_Work to complete_. Given the listing below, write out exactly the lines starting with the line that has "Le rez-de-chaussée propose" and going on through the line that has "Digital Sheet Music", both kept.

──────── Data ────────

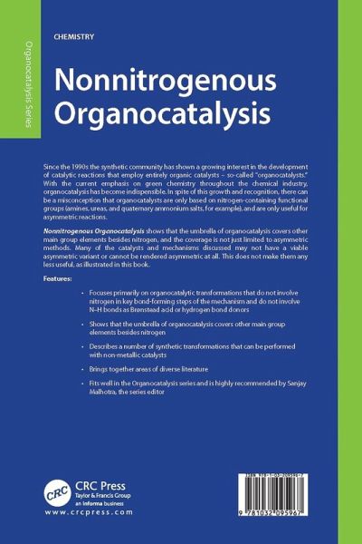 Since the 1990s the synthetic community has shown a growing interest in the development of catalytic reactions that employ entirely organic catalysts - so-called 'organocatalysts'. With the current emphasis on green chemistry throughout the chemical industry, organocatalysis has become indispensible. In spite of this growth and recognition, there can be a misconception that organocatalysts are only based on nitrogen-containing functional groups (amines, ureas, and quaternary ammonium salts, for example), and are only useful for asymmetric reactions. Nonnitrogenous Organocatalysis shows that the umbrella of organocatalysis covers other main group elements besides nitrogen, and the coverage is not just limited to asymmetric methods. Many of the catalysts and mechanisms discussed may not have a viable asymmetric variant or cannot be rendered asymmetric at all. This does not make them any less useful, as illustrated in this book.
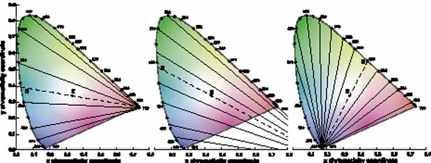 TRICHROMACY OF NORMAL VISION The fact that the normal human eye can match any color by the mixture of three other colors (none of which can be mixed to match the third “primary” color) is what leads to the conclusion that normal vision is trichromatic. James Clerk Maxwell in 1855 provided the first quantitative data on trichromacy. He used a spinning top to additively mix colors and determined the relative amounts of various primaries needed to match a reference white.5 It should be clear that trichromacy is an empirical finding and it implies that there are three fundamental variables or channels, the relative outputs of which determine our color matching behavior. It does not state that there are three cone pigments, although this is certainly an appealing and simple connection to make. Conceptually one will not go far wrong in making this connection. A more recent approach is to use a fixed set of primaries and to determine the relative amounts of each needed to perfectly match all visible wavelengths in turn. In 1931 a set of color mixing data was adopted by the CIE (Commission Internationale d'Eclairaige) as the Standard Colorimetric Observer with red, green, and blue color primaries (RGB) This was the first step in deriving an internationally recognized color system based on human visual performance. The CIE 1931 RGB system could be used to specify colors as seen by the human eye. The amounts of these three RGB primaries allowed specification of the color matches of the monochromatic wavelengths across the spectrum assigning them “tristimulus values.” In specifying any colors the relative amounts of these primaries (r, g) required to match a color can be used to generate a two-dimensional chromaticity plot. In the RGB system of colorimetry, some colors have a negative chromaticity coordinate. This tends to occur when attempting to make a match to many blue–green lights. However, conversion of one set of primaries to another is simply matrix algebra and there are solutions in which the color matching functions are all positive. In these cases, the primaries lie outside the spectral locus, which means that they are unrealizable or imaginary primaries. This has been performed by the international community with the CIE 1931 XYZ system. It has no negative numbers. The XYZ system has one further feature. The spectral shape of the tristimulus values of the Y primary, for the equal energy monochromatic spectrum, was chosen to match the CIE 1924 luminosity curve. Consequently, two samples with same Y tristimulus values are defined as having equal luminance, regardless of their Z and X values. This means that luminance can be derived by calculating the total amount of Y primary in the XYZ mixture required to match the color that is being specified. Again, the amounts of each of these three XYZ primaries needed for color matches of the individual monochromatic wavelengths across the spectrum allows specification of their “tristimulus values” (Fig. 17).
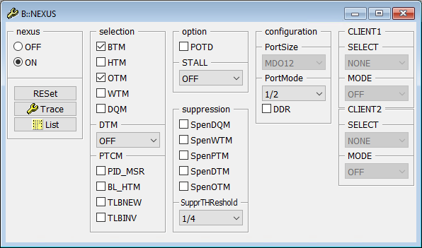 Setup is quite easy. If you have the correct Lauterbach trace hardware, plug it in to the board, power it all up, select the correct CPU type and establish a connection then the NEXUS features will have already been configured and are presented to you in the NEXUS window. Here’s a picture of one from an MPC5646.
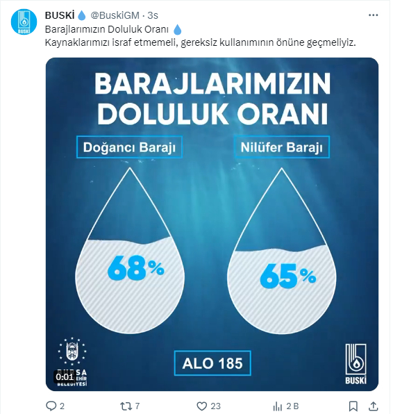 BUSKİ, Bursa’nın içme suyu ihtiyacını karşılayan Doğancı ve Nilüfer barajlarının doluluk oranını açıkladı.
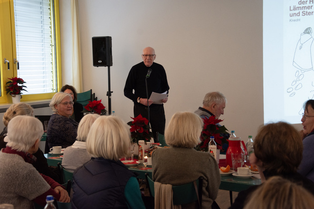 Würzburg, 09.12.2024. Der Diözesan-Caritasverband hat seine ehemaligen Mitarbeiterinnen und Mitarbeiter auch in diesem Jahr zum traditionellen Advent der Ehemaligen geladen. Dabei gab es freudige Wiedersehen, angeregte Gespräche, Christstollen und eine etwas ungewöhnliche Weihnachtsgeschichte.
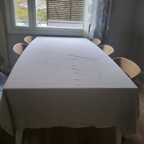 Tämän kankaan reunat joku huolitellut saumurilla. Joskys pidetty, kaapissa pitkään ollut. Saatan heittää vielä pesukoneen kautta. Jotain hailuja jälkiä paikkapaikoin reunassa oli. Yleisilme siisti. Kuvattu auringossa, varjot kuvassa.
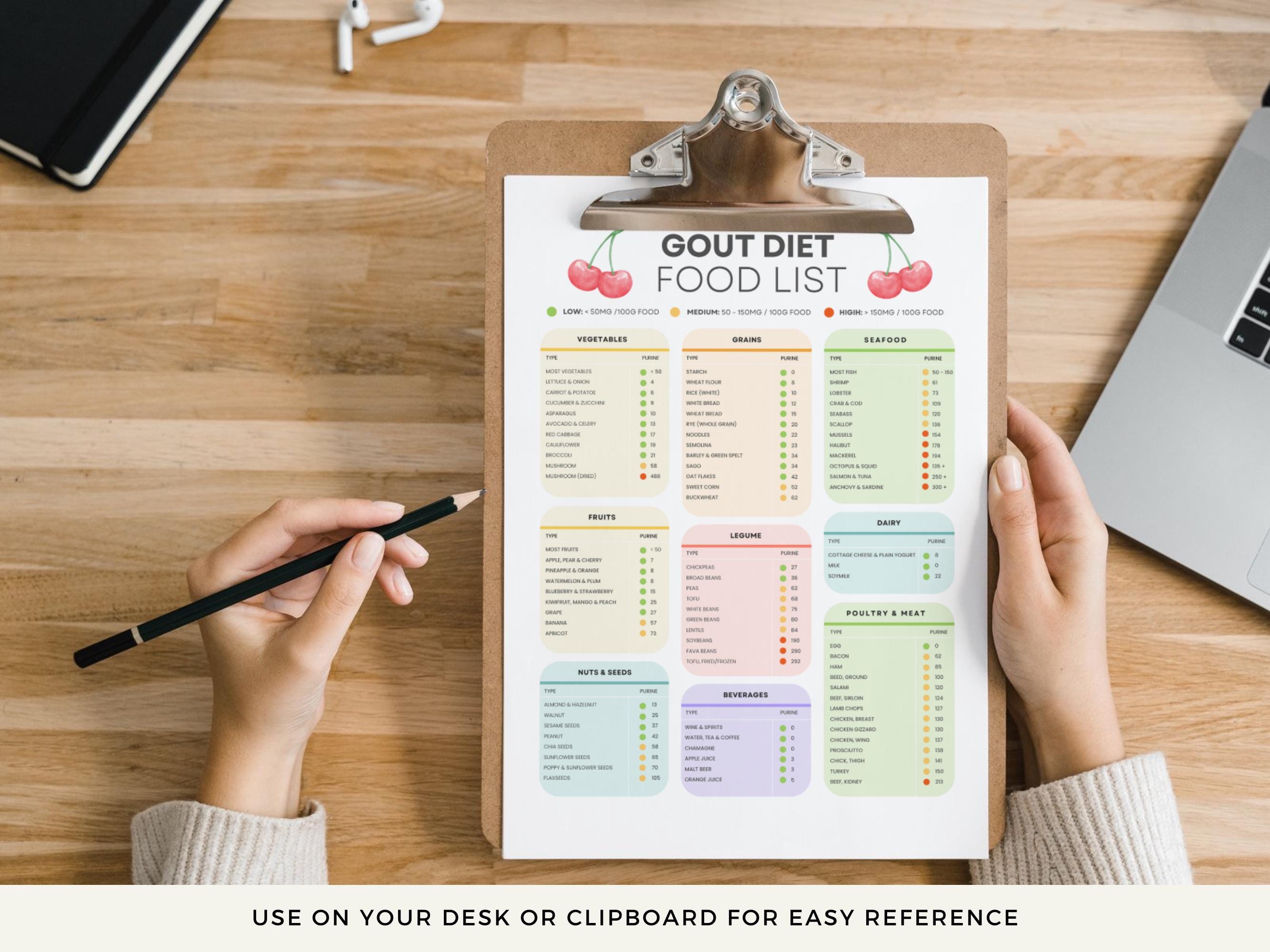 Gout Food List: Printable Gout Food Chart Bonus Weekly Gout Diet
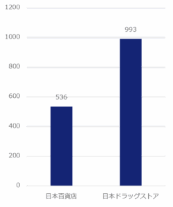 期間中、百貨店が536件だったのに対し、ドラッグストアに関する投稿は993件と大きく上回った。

────────
──────── Data ────────

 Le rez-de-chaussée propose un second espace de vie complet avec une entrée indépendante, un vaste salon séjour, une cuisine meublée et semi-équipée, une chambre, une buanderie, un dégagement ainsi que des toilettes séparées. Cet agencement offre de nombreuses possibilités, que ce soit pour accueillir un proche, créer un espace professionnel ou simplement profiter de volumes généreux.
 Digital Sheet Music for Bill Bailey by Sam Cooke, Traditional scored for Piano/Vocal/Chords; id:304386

────────
──────── Data ────────

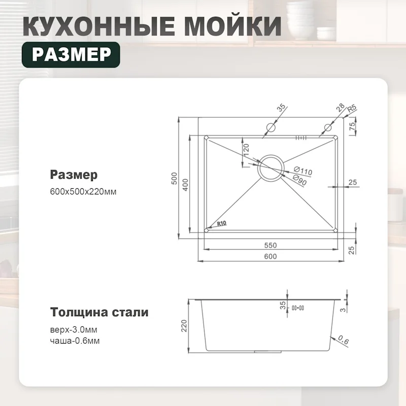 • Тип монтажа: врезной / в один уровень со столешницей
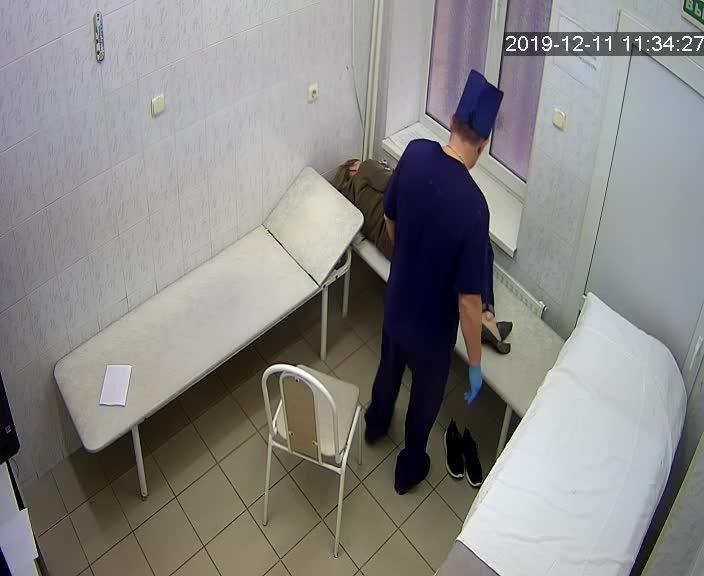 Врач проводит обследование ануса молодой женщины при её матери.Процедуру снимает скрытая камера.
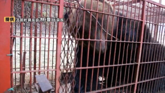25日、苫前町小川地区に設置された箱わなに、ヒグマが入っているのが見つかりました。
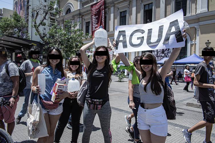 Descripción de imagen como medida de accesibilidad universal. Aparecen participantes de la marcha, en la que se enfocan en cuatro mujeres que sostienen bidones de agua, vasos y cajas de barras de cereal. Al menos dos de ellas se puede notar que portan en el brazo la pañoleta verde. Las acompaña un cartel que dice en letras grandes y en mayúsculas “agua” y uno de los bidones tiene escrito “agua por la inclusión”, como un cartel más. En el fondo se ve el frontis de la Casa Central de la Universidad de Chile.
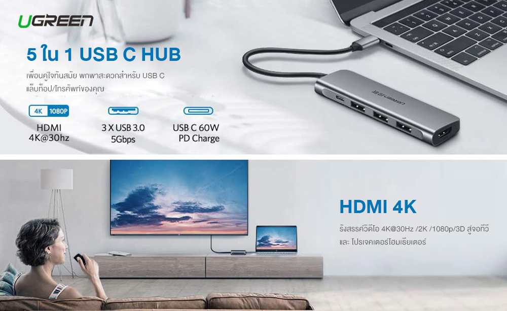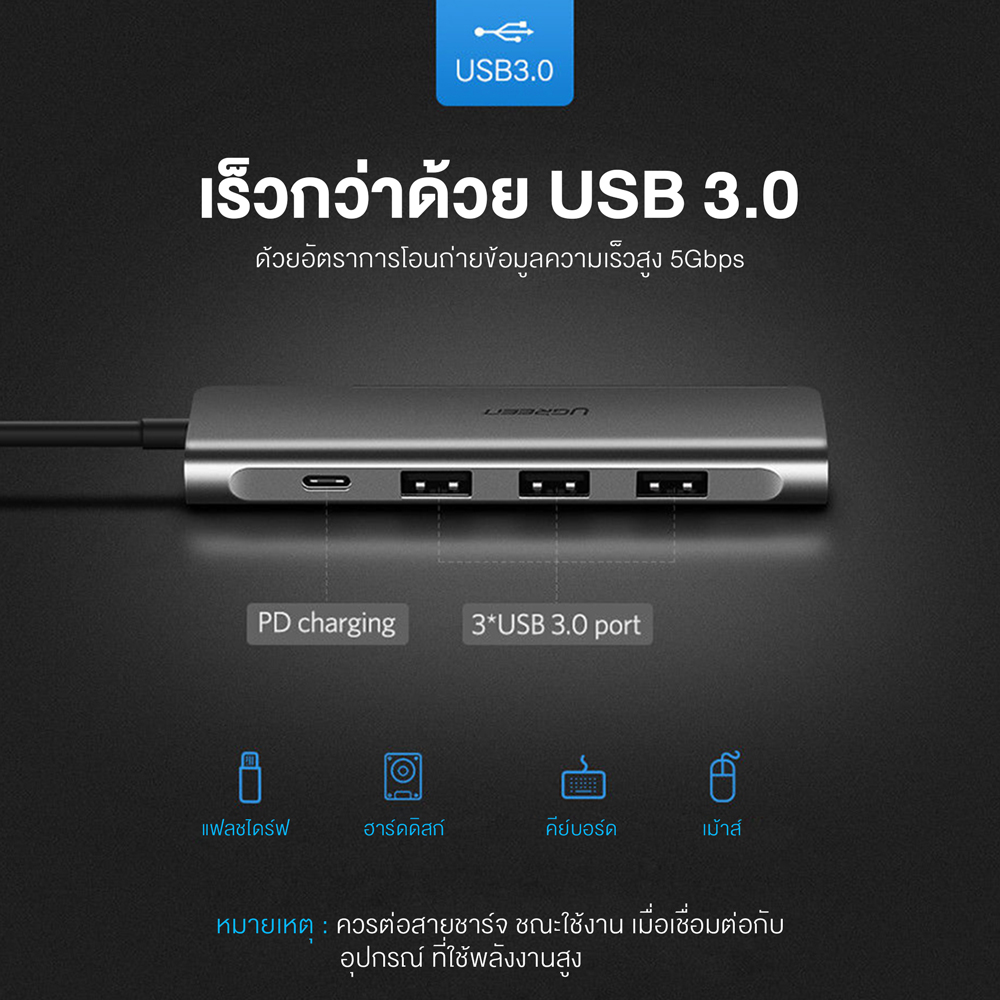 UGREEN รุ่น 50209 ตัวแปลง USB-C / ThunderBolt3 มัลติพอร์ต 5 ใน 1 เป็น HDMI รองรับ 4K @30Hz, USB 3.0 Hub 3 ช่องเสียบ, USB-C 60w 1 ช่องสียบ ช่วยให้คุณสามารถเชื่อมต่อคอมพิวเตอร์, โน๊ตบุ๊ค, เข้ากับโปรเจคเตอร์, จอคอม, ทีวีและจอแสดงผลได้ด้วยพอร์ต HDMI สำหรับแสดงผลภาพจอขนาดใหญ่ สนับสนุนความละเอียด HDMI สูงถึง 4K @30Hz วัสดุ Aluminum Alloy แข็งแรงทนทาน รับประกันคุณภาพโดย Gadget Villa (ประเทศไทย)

────────

_Result below_.
 Le rez-de-chaussée propose un second espace de vie complet avec une entrée indépendante, un vaste salon séjour, une cuisine meublée et semi-équipée, une chambre, une buanderie, un dégagement ainsi que des toilettes séparées. Cet agencement offre de nombreuses possibilités, que ce soit pour accueillir un proche, créer un espace professionnel ou simplement profiter de volumes généreux.
 Digital Sheet Music for Bill Bailey by Sam Cooke, Traditional scored for Piano/Vocal/Chords; id:304386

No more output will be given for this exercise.